Abstract
Synchronization of excitable cells coupled by reciprocal inhibition is a topic of significant interest due to the important role that inhibitory synaptic interaction plays in the generation and regulation of coherent rhythmic activity in a variety of neural systems. While recent work revealed the synchronizing influence of inhibitory coupling on the dynamics of many networks, it is known that strong coupling can destabilize phase-locked firing. Here we examine the loss of synchrony caused by an increase in inhibitory coupling in networks of type-I Morris–Lecar model oscillators, which is characterized by a period-doubling cascade and leads to mode-locked states with alternation in the firing order of the two cells, as reported recently by Maran and Canavier (J Comput Nerosci, 2008) for a network of Wang-Buzsáki model neurons. Although alternating-order firing has been previously reported as a near-synchronous state, we show that the stable phase difference between the spikes of the two Morris–Lecar cells can constitute as much as 70% of the unperturbed oscillation period.

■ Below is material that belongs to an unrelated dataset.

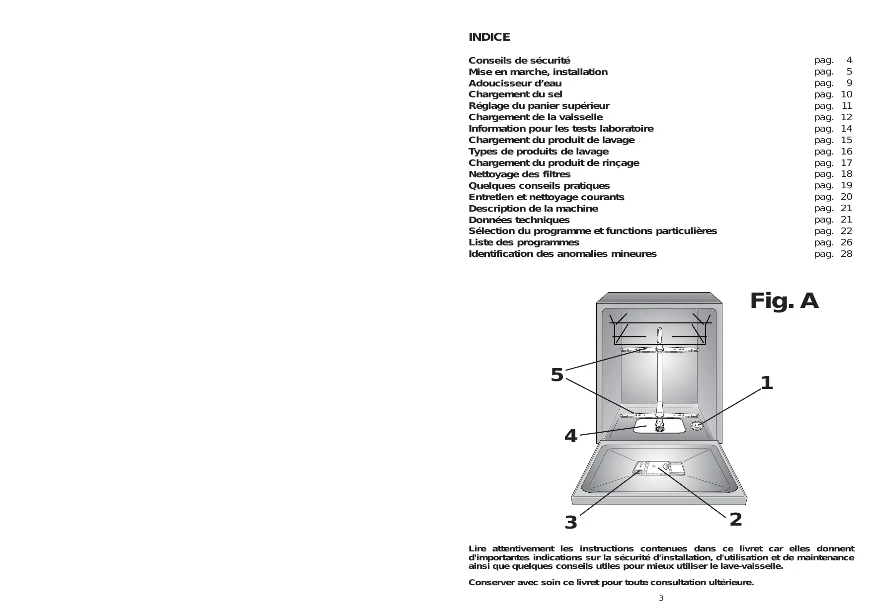Réglage du panier supérieur Chargement de la vaisselle Information pour les tests laboratoire Chargement du produit de lavage Types de produits de lavage Chargement du produit de rinçage Nettoyage des filtres Quelques conseils pratiques Entretien et nettoyage courants Description de la machine Données techniques Sélection du programme et functions particulières Liste des programmes Identification des anomalies mineures
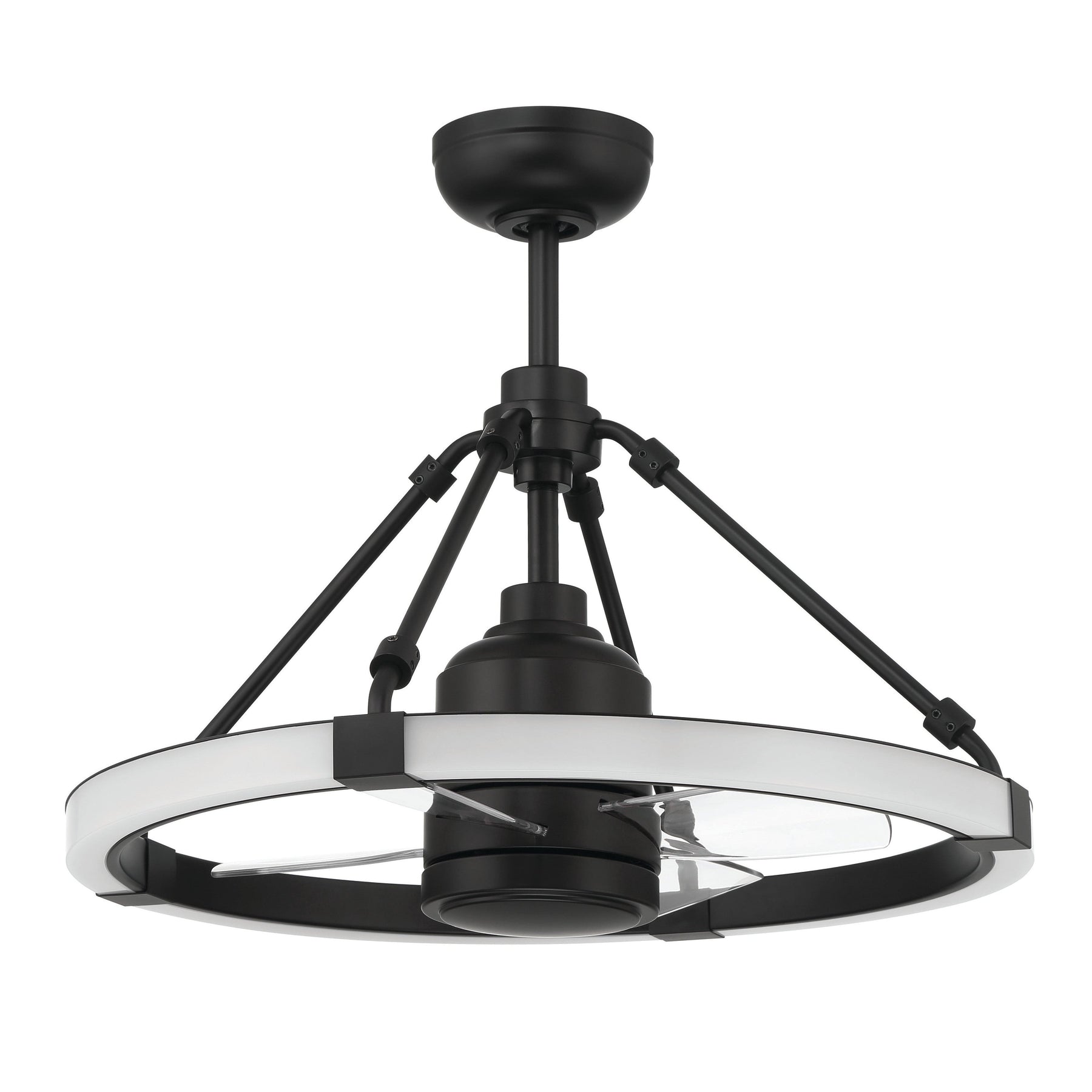 The Levy 24" Fandelier by Craftmade offers the convenience a Wi-Fi enabled, energy saving, 6-speed reversible DC motor ceiling fan surrounded by a sleek integrated 32 Watt dimmable 3000-5000 CCT LED ring. Featuring a set of three custom 19" polycarbonate blades, the fandelier can be controlled using the included handheld remote control or through the integrated Wi-Fi feature using the Bond app which allow access to additional functions including voice control, breeze, and timer functions compatible for use with most smart home devices, smartphones, and systems with no additional hub needed.

Further, we examine the generality of this phenomenon for a class of type-I oscillators that are close to their excitation thresholds, and provide an intuitive geometric description of such “leap-frog” dynamics. In the Morris–Lecar model network, the alternation in the firing order arises under the condition of fast closing of K + channels at hyperpolarized potentials, which leads to slow dynamics of membrane potential upon synaptic inhibition, allowing the presynaptic cell to advance past the postsynaptic cell in each cycle of the oscillation. Further, we show that non-zero synaptic decay time is crucial for the existence of leap-frog firing in networks of phase oscillators. However, we demonstrate that leap-frog spiking can also be obtained in pulse-coupled inhibitory networks of one-dimensional oscillators with a multi-branched phase domain, for instance in a network of quadratic integrate-and-fire model cells. Finally, for the case of a homogeneous network, we establish quantitative conditions on the phase resetting properties of each cell necessary for stable alternating-order spiking, complementing the analysis of Goel and Ermentrout (Physica D 163:191–216, 2002) of the order-preserving phase transition map.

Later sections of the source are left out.